The writer Xinran first came to the attention of readers in the West with her acclaimed 2002 book The Good Women of China, a collection of life stories of women living under China's Communist regime. Born in 1958, she began working as a broadcast journalist in the early 1980s and became an icon for Chinese women through her nightly radio phone–in programme, Words on the Night Breeze, which dealt with women's issues. Despite political restrictions she found that women felt able to unburden themselves to her, relating experiences of rape, torture and the separation of children from their parents. In 1997, overwhelmed by the pressure of being a voice for Chinese women, she left China for England.

Xinran met Shu Wen in 1994: "An old woman dressed in Tibetan clothing, smelling strongly of old leather, rancid milk and animal dung. Her grey hair hung in two untidy plaits, and her skin was lined and weather–beaten. Yet...her accent immediately confirmed to me that she was indeed Chinese."

Wen had travelled to Tibet in 1958 to look for her husband Kejun, a Chinese military surgeon who had gone missing in action, presumed dead. He and Wen, who had also trained as a doctor, supported the Chinese invasion of Tibet by the People's Liberation Army with fervent enthusiasm and were utterly committed to their roles in Mao Zedong's reconstruction of China. After the devastating civil war between the Nationalists and the Communists they were buoyed up by full employment, free schools and hospitals, and the belief that China would reach economic parity with Britain and the USA within twenty years. "Everything was changing in China. Many people were packing their bags and heading for poor rural areas to carry out land reform.…We regarded separation from our loved ones as a chance to demonstrate our love for the Motherland."

Xinran is struck by the passion with which Wen talks about her love for Kejun, explaining that in Chinese society it was traditional to suppress emotions and hide one's thoughts. "I had not imagined that the young people of my mother's generation could love each other so passionately." Despite the bloody fighting between Chinese troops and Tibetans, the treacherous landscape and the enervating altitude sickness that foreigners were vulnerable to, Wen refused to be discouraged from entering Tibet.

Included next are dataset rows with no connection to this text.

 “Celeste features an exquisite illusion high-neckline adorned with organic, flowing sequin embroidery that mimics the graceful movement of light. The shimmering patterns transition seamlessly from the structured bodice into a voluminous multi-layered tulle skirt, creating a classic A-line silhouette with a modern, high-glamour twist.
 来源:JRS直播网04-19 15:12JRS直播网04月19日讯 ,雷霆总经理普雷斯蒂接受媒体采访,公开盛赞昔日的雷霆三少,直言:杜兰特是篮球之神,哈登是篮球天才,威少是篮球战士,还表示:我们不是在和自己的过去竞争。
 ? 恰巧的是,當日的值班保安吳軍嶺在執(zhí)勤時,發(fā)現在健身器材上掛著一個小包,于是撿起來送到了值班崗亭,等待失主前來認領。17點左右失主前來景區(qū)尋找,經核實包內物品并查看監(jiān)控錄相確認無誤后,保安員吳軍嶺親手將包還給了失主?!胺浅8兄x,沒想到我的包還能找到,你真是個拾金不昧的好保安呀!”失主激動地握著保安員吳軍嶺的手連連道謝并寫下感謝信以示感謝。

She stayed there for over thirty years, spending much of this time with a displaced Tibetan noblewoman, Zhuoma, and a family of nomadic farmers.

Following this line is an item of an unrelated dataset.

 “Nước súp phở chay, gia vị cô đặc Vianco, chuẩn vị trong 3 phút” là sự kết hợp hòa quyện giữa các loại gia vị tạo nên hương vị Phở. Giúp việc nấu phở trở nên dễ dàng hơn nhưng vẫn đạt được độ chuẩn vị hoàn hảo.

Xinran describes evocatively how a rich and complex culture is drawn from an apparently harsh and unyielding environment. While Shu Wen's story is extraordinary and deeply moving, her account of day to day life in Tibet is equally fascinating. She slowly learned the Tibetan language, and gained the physical strength and stamina needed for the intensely hard work of milking, churning butter, making dung cakes, fetching water. Never forgetting her quest to find Kejun, she learnt to accept a life unimaginably different from what she had envisaged for herself.

Through her relationship with Zhuoma, who was also searching for a lost partner, Wen realised that China was attempting to 'liberate' Tibet without any knowledge or understanding of its culture. She was forced to expand her view of humanity and confront, intellectually and emotionally, the act of cultural arrogance she had taken part in.

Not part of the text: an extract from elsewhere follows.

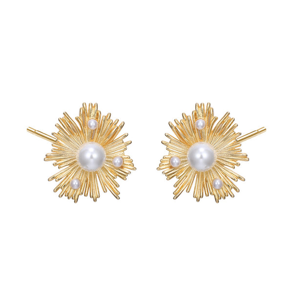 FE2679 925 Sterling Silver Light Luxury Shell Pearl Stud Earrings

Although Wen never fully embraced the Buddhist religion central to the family's life, the Buddhist acceptance of fate and sense of being inextricably linked with nature gave value and meaning to what might have been a life of terrible loss and loneliness. The sky burial of the title, a Tibetan funeral ceremony where the dismembered bodies of the dead are ritually fed to sacred vultures, assumes monumental significance as the book reaches its shocking and moving conclusion.

This is a remarkable story, written clearly and directly. The stark, unembellished style reflects perfectly the silence and sense of infinite time and space. Though the characters are real people, the scale of their endurance and their unrelenting loyalties give the book an epic, mythical quality. Shu Wen is a heroine at once burning with passion yet utterly dignified and self–contained. Her impact on Xinran is beyond question. She describes Shu Wen as "one of the most exceptional women I would ever know".

It is unclear under what circumstances the two women parted, but the book ends with an appeal by Xinran: "I have spent many years searching for you, hoping that we might sit together in the tea–scented Yangtze delta so that you can tell me the story of your life after Sky Burial."